ECB will ease monetary policy further on March 10

Downside risks, tightening of financial conditions and weak inflation dynamics

Euro-area real GDP growth will be bu¬ffeted by external headwinds, but monetary policy will stay supportive

Source: Eurostat, ECB, Bloomberg, Oxford Analytica

Outlook

Euro-area growth failed to accelerate at end-2015, but confirmed that the recovery remains on track. Higher-frequency indicators available for the first quarter of 2016 suggest a continuing upswing in consumption, thanks to rising disposable incomes, the pass-through of monetary policy accommodation and neutral (or slightly expansionary) fiscal policy. Net trade will prove a drag on growth, due to cooling emerging markets.

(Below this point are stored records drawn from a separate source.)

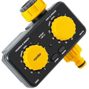 Indicado para programar o tempo e a frequência da irrigação, sendo ligado diretamente na rede de água.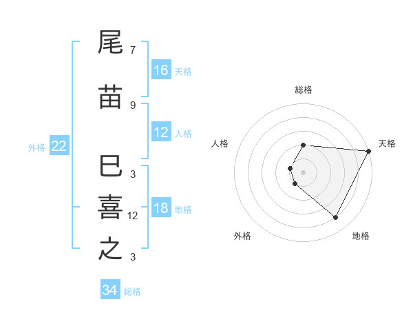 尾苗 巳喜之さんを姓名の画数から五運を鑑定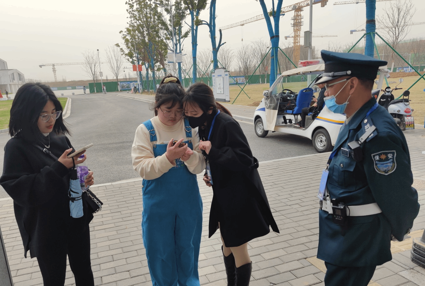安保劳动中,同学们响应防疫号召,认真负责配合保卫处审核请假外出学生进出校“双码”和假条。

The swing factor will be the outlook for inflation, which weakened significantly due to the latest fall in oil prices. The 2% inflation target will not be met even next year. Meanwhile, the lackluster recovery will drive up core inflation only mildly as the output gap gradually closes.

Impacts

  • Downside risks to the recovery may materialise if consumers save most of the income gains from lower oil prices.
  • The ECB will cut its deposit rate deeper into negative territory, likely by at least 10 basis points, and speed up asset purchases.
  • After its recent rebound, the euro should weaken again, as the ECB eases monetary policy further, possibly giving some boost to exports.